Barr had offered the SEC job to Berman, who had refused. So Barr tried an end-run of sorts, and Berman was having none of it. Berman's comment that "our investigations will move forward without delay or interruption" certainly suggested that Barr was firing him because Berman wasn't doing the AG's bidding on certain cases.

In fact, only the president can fire a U.S. attorney, and Barr told Berman the next day that Donald Trump had done so, issuing a letter accusing Berman of "choosing spectacle over public service." Weirdly enough, Trump denied this, forcing the White House to say later that he'd "signed off" on Berman's dismissal, suggesting that he might have nodded at some point while not quite listening on his way to the golf course. Berman didn't try to fight this more or less legal firing, but insisted that Barr agree to appoint Berman's assistant U.S. attorney, Audrey Strauss, rather than some Trump's toady.

There was a lot of speculation at the time about why Barr wanted Berman out. His office had pursued a number of cases involving Trump associates and Trump himself, including the prosecution of former Trump attorney Michael Cohen and of two associates of Rudy Giuliani, Lev Parnas and Igor Fruman, which led to investigations of Giuliani himself.

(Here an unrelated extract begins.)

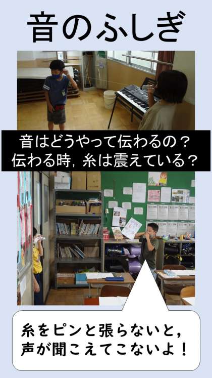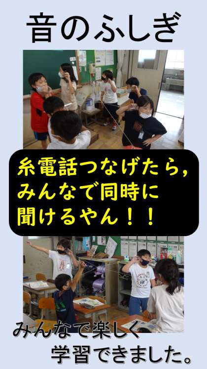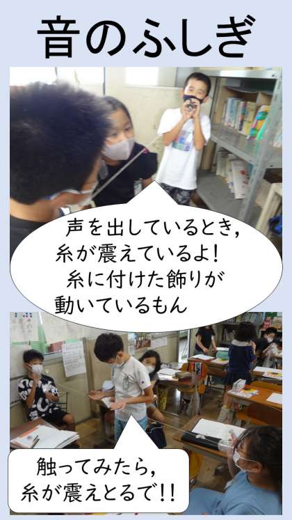 「音のふしぎ」の学習で,糸電話を使って音が伝わる時の様子について確かめました。

Berman had also investigated Trump's endlessly corrupt inaugural committee along with a number of Trump-connected people involved with the Turkish state bank. Trump had been purging the DOJ of people he felt to be disloyal for some time, starting with his first attorney general, Jeff Sessions. He'd also fired Sally Yates, the acting attorney general who preceded Sessions, FBI Director James Comey and then Acting Director Andrew McCabe, as well as FBI general counsel Dana Boente and a bunch of inspectors general. It wasn't mysterious why Barr believed Berman had to go. Trump had been complaining that the New York office was "filled with Democrats out to get him" and Barr (at that point) was eager to serve as his hatchet man.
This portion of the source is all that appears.